Store facts, documents, and information for semantic search and retrieval-augmented generation (RAG).

Overview

Knowledge Base memory is designed for storing factual information, documents, and reference material that agents can search semantically. It's the foundation for RAG applications and fact-based question answering.

When to Use

  • RAG (Retrieval-Augmented Generation) applications
  • Storing documentation, articles, and reference material
  • Fact-based question answering
  • Grounding agent responses in source material
  • Building searchable knowledge repositories

Storage Strategy

Backend: Vector database (PostgreSQL with pgvector, SQLite with sqlite-vss) Why: Knowledge base requires:

  • Semantic search via embedding similarity
  • Efficient vector operations (cosine similarity, HNSW indexing)
  • Metadata filtering (by source, category, etc.)

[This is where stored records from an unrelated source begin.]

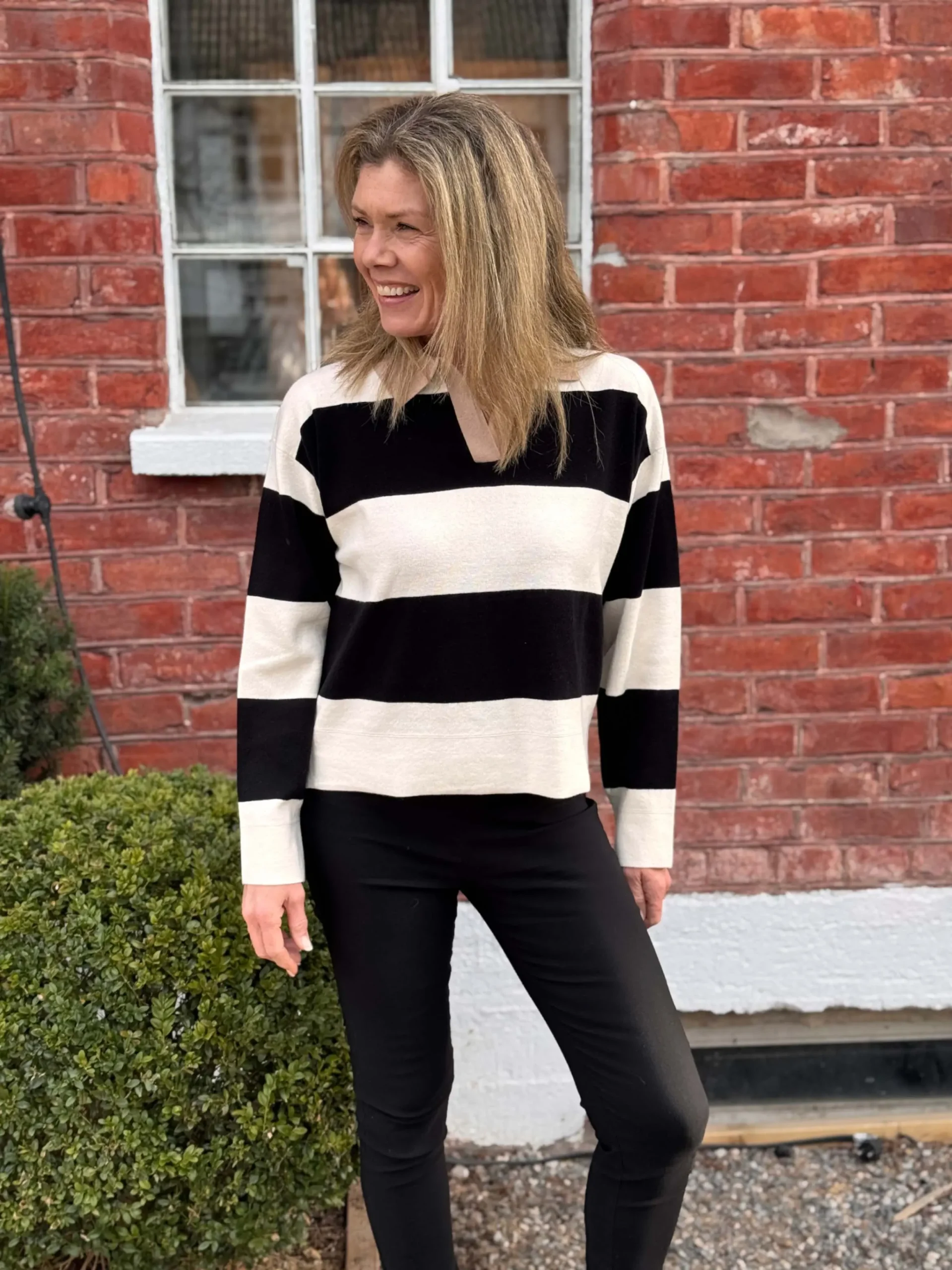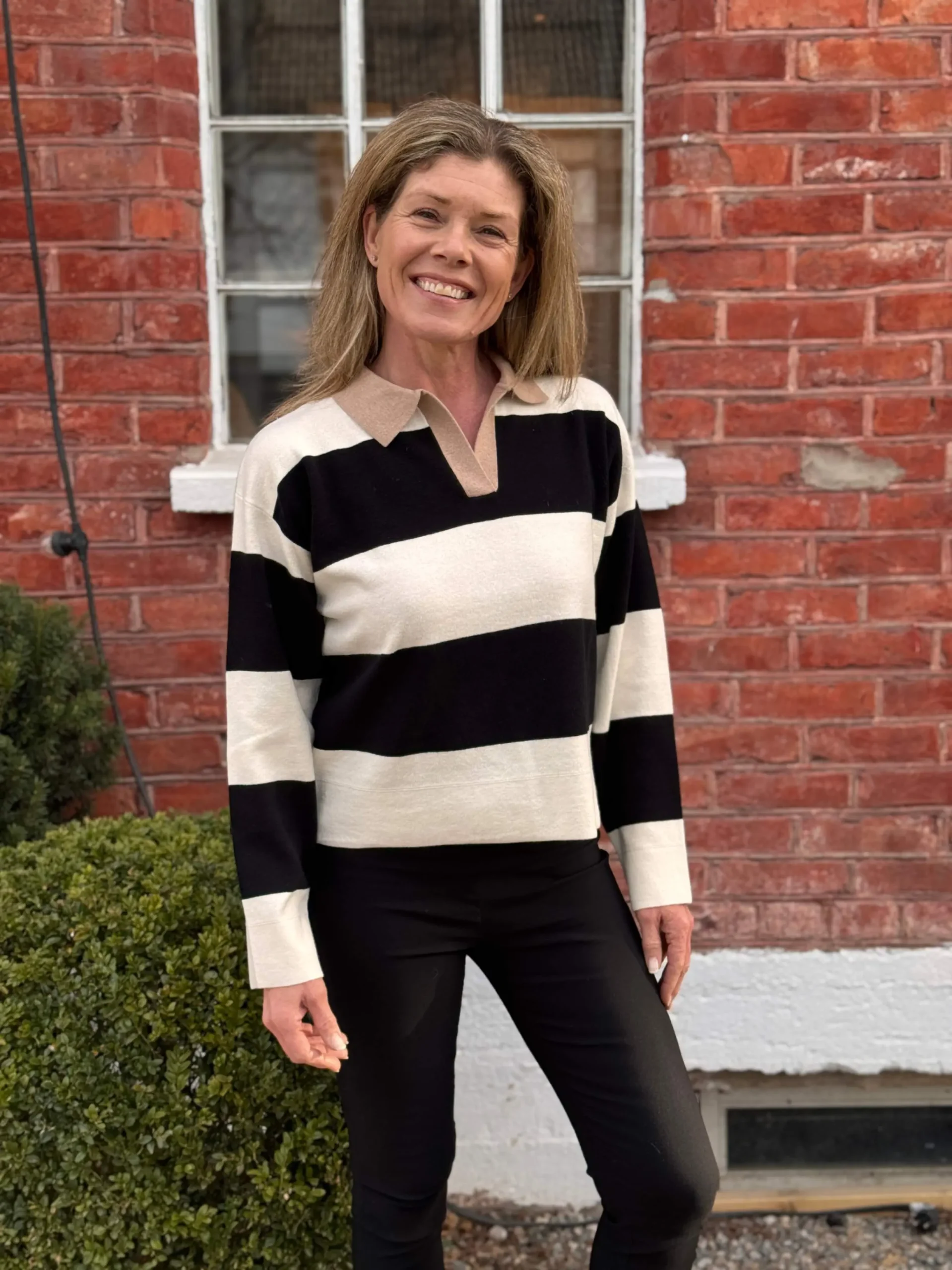 Stilig strikkegenser med striper fra One & Other. Genseren har en trendy krage og en cropped passform, perfekt for både skjørt og bukse.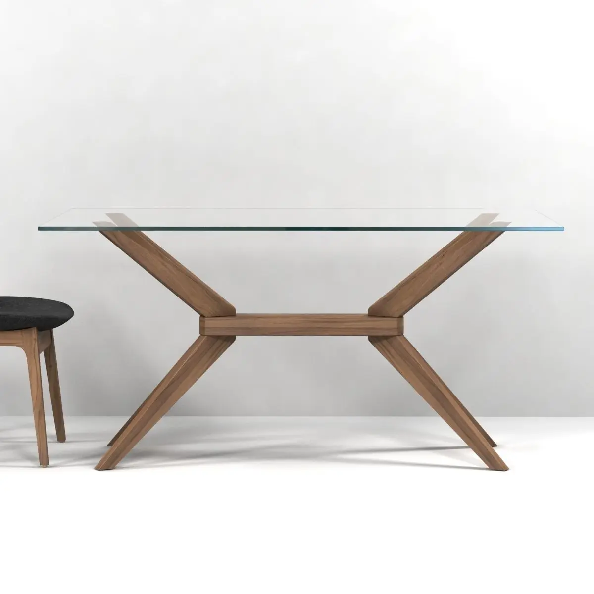 Magna Glass Dining TableThe Magna Glass Dining Table takes the idea of industrial chic, and lays on the glamour. It's done by adapting the basic shape of the girder to a clever support system for a modern dining table, then executing it in solid beech beneath a clear glass top that allows the geometry and construction details to show through. The rectangular dining table is just under 5 ft. on the long axis, offering plenty of room for up to 6 people. The Magna Glass Dining Table's base is finished in your choice of color for striking geometry and contrast beneath the glass.FeaturesContemporary dining table radiates with glamour and sophisticationSleek, 10m thick tempered glass lets structure of the base show throughSolid beech wood frame features four legs in a crisscrossed patternMade from CARB compliant materials for eco-friendly designAvailable in finish of your choiceWill complement any modern dining spaceDimensionsOverall: 59"w x 35.5"d x 29.5"h Table Top Thickness: 10mm Base: 45.5"w x 24"d x 29"h
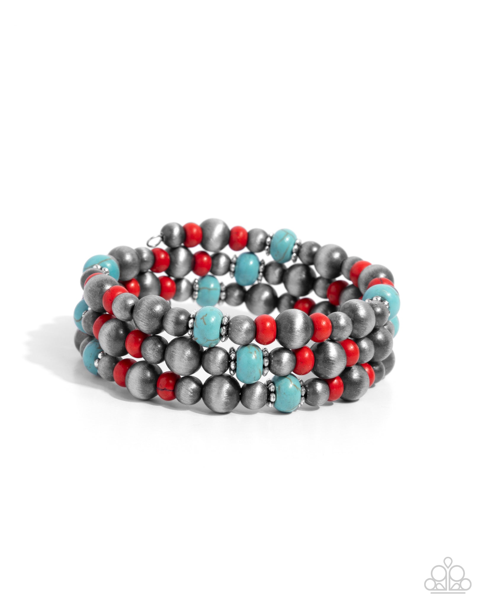 Threaded along a coiled wire, a collection of silver floral beads, turquoise stone discs, Navajo pearls in varying sizes, and red stone discs loop along the wrist in a sassy Southwestern pattern creating an earthy infinity wrap-style bracelet. As the stone elements in this piece are natural, some color variation is normal.

Stored with vector embeddings for semantic search, indexed using HNSW (Hierarchical Navigable Small World) for fast approximate nearest neighbor search.

API Methods

add_knowledge

Add factual information or a document to the knowledge base.

async def add_knowledge(
content: str,
source: str | None = None,
metadata: dict[str, Any] | None = None
) -> str

Parameters:

  • content: The knowledge content (fact, passage, document chunk)
  • source: Optional source identifier (URL, document name, etc.)
  • metadata: Optional metadata (category, tags, etc.)

Returns: Memory ID

Example:

from memharness import MemoryHarness

async with MemoryHarness("sqlite:///memory.db") as harness:
# Add a fact
await harness.add_knowledge(
content="Python's Global Interpreter Lock (GIL) prevents true parallelism in CPU-bound threads.",
source="Python Documentation",
metadata={"category": "programming", "language": "python"}
)

# Add a document chunk
await harness.add_knowledge(
content="Kubernetes is a container orchestration platform that automates deployment, scaling, and management of containerized applications.",
source="https://kubernetes.io/docs",
metadata={"category": "devops", "topic": "kubernetes"}
)

# Add research findings
await harness.add_knowledge(
content="The study found that regular exercise improves cognitive function and reduces the risk of dementia by 30%.",
source="Journal of Neuroscience, 2025",
metadata={"category": "health", "type": "research"}
)

search_knowledge

Search the knowledge base by semantic similarity.

async def search_knowledge(
query: str,
k: int = 5,
filters: dict[str, Any] | None = None
) -> list[MemoryUnit]

Parameters:

  • query: The search query
  • k: Number of results to return (default: 5)
  • filters: Optional metadata filters (e.g., {"category": "programming"})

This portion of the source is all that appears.